* **Problem to work on**: Go through the listing below and write out exactly the lines from the one that mentions "Ekose Dantel Detaylı Kemerli Etek Bej" through the one that mentions "伴随着庄严肃穆的国歌,此次发", minus the pictures.

* **Available data**:

--------

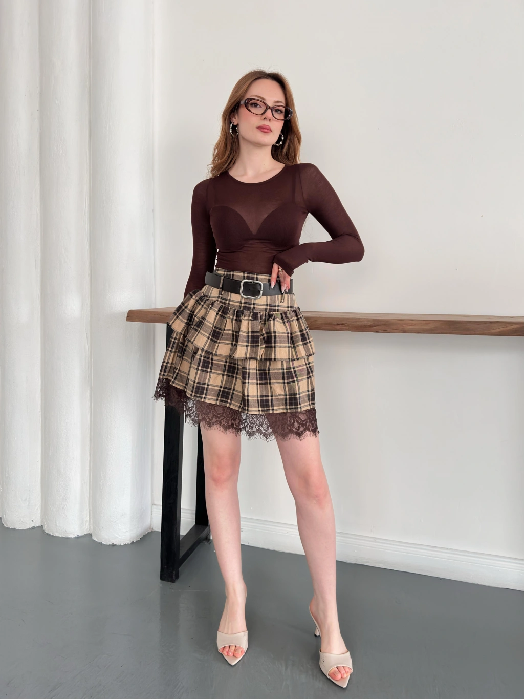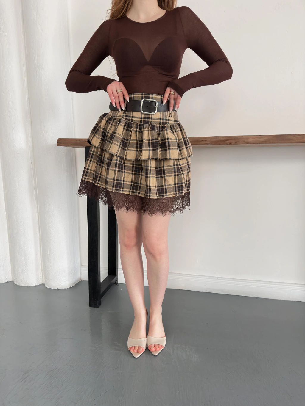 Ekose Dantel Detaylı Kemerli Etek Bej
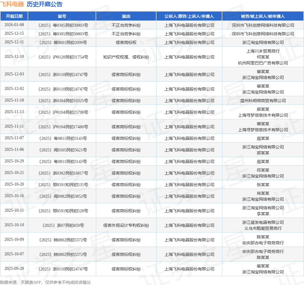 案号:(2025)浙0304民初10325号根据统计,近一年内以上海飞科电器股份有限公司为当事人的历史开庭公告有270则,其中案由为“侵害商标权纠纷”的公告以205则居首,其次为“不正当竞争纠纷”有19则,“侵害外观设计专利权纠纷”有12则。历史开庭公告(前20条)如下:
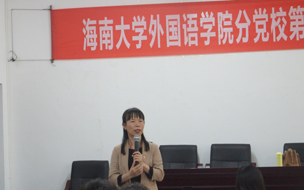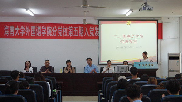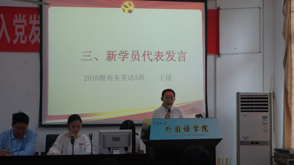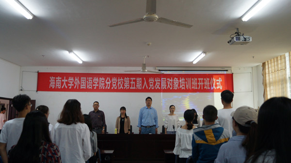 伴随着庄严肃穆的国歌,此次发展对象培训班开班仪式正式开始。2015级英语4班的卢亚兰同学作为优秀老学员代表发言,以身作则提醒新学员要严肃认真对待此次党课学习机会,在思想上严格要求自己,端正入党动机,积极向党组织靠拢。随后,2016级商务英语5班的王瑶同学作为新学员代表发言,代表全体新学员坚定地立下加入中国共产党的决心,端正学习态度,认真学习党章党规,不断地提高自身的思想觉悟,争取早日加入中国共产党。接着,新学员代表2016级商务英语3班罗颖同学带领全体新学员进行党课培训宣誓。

--------

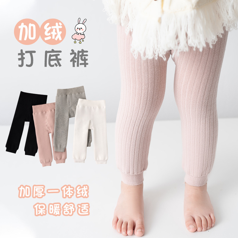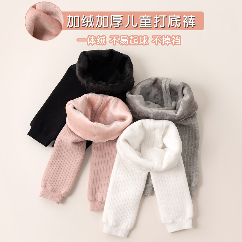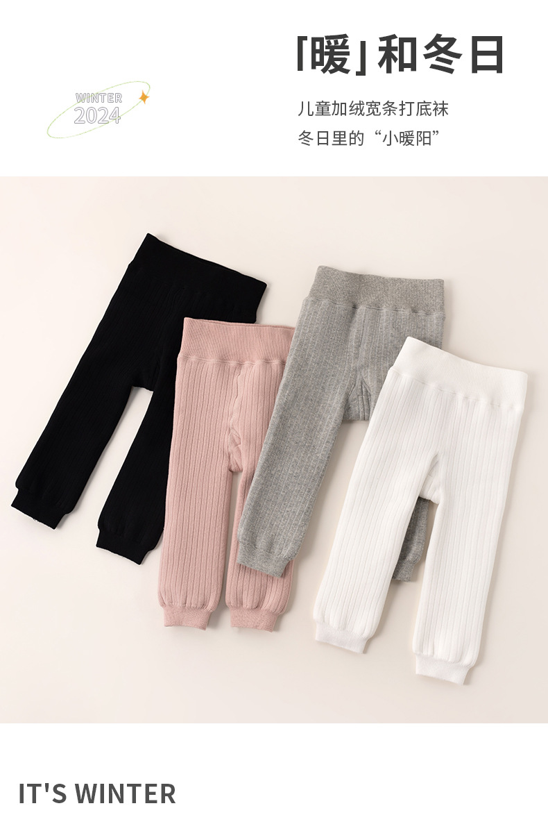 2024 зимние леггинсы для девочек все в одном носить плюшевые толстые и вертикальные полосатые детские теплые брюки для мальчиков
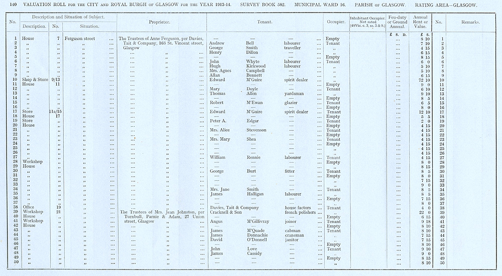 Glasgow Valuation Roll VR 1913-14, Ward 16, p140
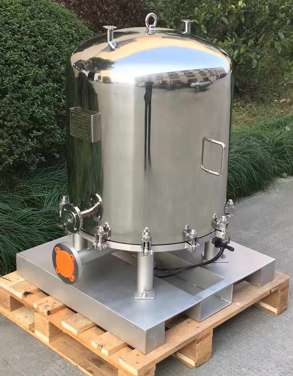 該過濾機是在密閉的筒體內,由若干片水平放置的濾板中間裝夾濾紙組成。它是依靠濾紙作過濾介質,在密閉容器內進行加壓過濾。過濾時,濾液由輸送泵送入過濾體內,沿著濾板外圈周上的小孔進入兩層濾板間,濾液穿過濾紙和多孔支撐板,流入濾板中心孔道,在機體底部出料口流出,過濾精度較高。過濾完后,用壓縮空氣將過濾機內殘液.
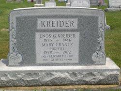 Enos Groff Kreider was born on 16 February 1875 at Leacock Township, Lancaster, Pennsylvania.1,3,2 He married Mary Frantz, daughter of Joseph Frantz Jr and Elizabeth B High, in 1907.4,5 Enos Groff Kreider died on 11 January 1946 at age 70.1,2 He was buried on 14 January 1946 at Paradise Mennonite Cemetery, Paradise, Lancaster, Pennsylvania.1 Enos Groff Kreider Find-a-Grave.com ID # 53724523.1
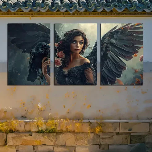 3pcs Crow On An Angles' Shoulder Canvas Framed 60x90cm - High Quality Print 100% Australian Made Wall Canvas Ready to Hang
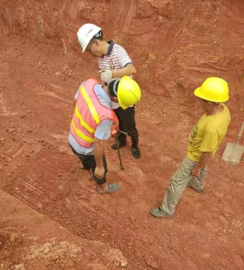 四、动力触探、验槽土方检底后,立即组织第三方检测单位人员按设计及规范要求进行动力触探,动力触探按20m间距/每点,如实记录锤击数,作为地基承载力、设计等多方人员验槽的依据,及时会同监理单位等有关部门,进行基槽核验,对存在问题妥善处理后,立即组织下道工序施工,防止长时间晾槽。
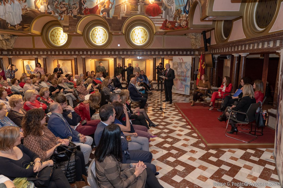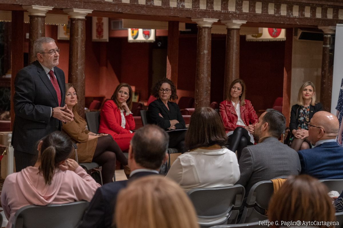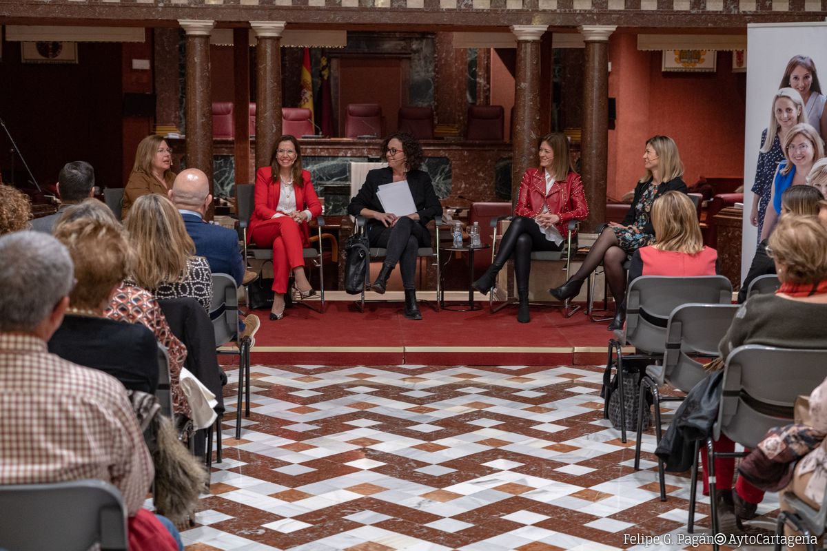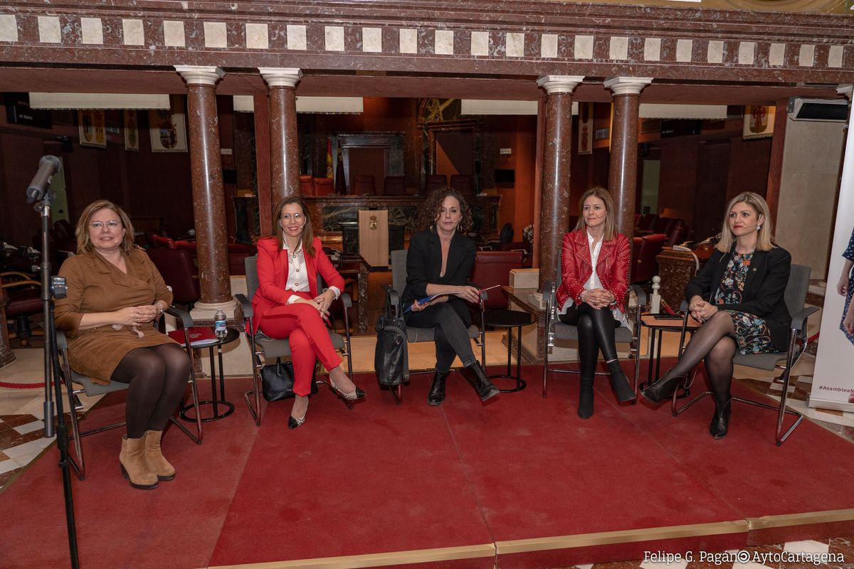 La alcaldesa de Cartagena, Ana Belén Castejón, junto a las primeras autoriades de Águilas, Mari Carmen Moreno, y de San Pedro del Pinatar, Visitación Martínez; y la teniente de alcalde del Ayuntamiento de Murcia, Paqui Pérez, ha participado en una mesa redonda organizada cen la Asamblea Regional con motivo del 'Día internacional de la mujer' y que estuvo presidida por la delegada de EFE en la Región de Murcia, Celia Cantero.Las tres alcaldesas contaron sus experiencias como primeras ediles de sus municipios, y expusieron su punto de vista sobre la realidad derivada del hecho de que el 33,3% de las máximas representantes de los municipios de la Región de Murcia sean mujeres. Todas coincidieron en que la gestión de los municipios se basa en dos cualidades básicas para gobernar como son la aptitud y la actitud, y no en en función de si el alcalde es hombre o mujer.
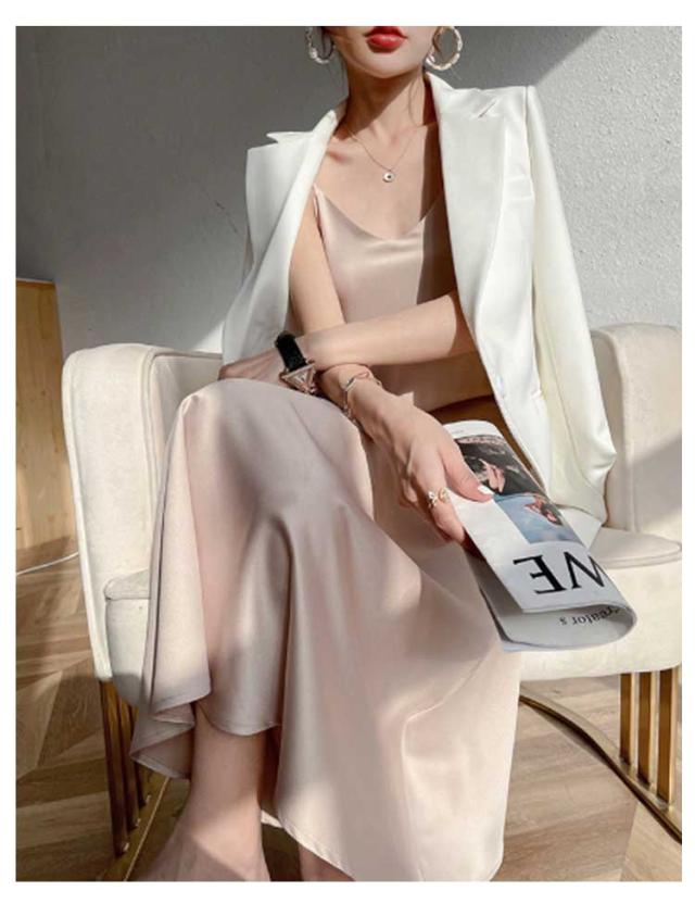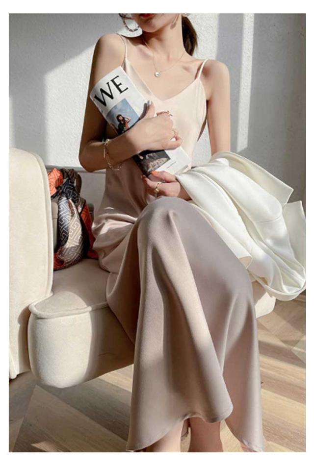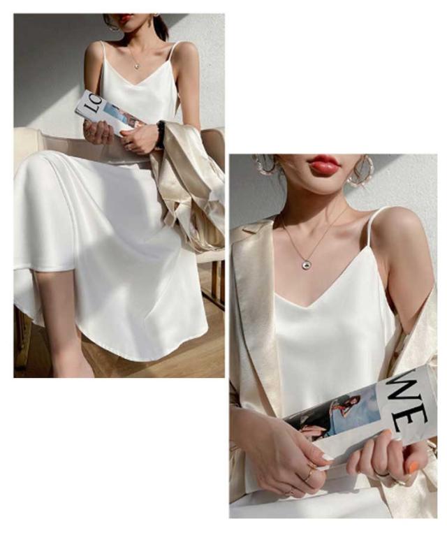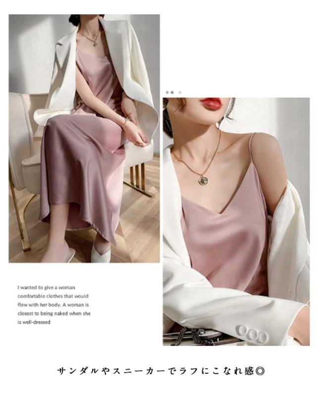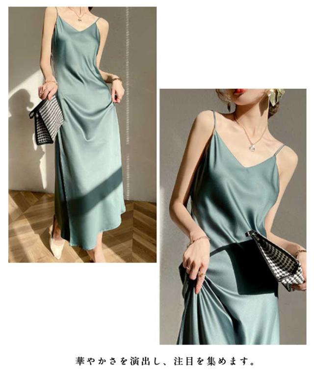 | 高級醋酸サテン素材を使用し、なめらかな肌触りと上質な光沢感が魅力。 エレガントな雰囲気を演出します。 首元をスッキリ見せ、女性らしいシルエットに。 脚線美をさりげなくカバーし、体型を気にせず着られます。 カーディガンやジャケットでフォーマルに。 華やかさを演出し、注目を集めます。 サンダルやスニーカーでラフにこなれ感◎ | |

--------

* **Reply to the task**:
 Ekose Dantel Detaylı Kemerli Etek Bej
 案号:(2025)浙0304民初10325号根据统计,近一年内以上海飞科电器股份有限公司为当事人的历史开庭公告有270则,其中案由为“侵害商标权纠纷”的公告以205则居首,其次为“不正当竞争纠纷”有19则,“侵害外观设计专利权纠纷”有12则。历史开庭公告(前20条)如下:
 伴随着庄严肃穆的国歌,此次发展对象培训班开班仪式正式开始。2015级英语4班的卢亚兰同学作为优秀老学员代表发言,以身作则提醒新学员要严肃认真对待此次党课学习机会,在思想上严格要求自己,端正入党动机,积极向党组织靠拢。随后,2016级商务英语5班的王瑶同学作为新学员代表发言,代表全体新学员坚定地立下加入中国共产党的决心,端正学习态度,认真学习党章党规,不断地提高自身的思想觉悟,争取早日加入中国共产党。接着,新学员代表2016级商务英语3班罗颖同学带领全体新学员进行党课培训宣誓。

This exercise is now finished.